» **YOUR INSTRUCTIONS**
Each line below should be repeated exactly, but no picture should be carried over.

» **SUPPLIED MATERIAL**
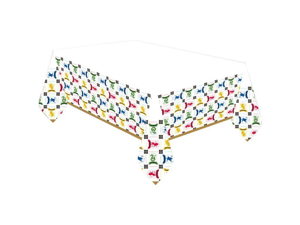 Papírový ubrus s tematickým potiskem, rozměr 120 x 180 cm. Je ideální pro párty s tématikou Harryho Pottera. Po stranách jsou vytištěny erby čtyř bradavických kolejí v jejich příslušných barvách.Doplňkové parametry
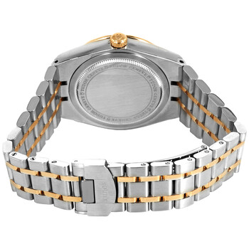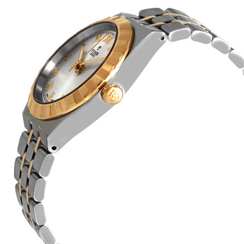 Silver-tone stainless steel case with a silver-tone stainless steel with 18kt yellow gold links bracelet. Fixed 18kt yellow gold bezel. Silver dial with luminous yellow gold hands and Roman numeral hour markers. Minute markers around the outer rim. Dial Type: Analog. Luminescent hands. Date display at the 3 o'clock position. Tudor Calibre T601 Automatic movement, based upon ETA 2824, containing 25 Jewels, bitting at 28800 vph, and has a power reserve of approximately 38 hours. Scratch resistant sapphire crystal. Screw down crown. Solid case back. Round case shape, case size: 34 mm. Fold over clasp. Water resistant at 100 meters / 330 feet. Functions: date, hour, minute, second. Royal Series. Luxury watch style. Watch label: Swiss Made. Tudor Royal Automatic Silver Dial 34 mm Watch M28403-0001.
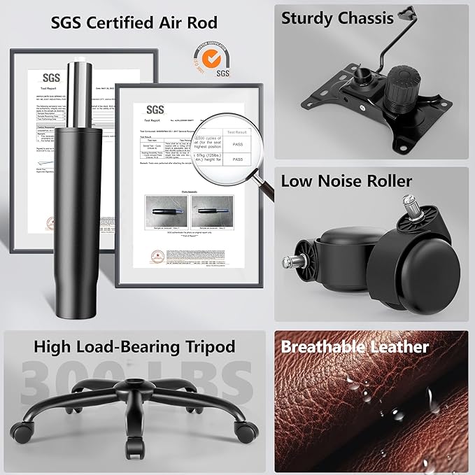 - Premium PU Leather:Crafted with high-quality PU leather that's easy to clean and built to last. This office desk chair features waterproof material with a smooth, breathable surfaceβperfect for your comfy office chair needs. Features high-density foam cushioning with natural leather grain for a premium executive look.

» **FINISHED EXERCISE**
 Papírový ubrus s tematickým potiskem, rozměr 120 x 180 cm. Je ideální pro párty s tématikou Harryho Pottera. Po stranách jsou vytištěny erby čtyř bradavických kolejí v jejich příslušných barvách.Doplňkové parametry
 Silver-tone stainless steel case with a silver-tone stainless steel with 18kt yellow gold links bracelet. Fixed 18kt yellow gold bezel. Silver dial with luminous yellow gold hands and Roman numeral hour markers. Minute markers around the outer rim. Dial Type: Analog. Luminescent hands. Date display at the 3 o'clock position. Tudor Calibre T601 Automatic movement, based upon ETA 2824, containing 25 Jewels, bitting at 28800 vph, and has a power reserve of approximately 38 hours. Scratch resistant sapphire crystal. Screw down crown. Solid case back. Round case shape, case size: 34 mm. Fold over clasp. Water resistant at 100 meters / 330 feet. Functions: date, hour, minute, second. Royal Series. Luxury watch style. Watch label: Swiss Made. Tudor Royal Automatic Silver Dial 34 mm Watch M28403-0001.
 - Premium PU Leather:Crafted with high-quality PU leather that's easy to clean and built to last. This office desk chair features waterproof material with a smooth, breathable surfaceβperfect for your comfy office chair needs. Features high-density foam cushioning with natural leather grain for a premium executive look.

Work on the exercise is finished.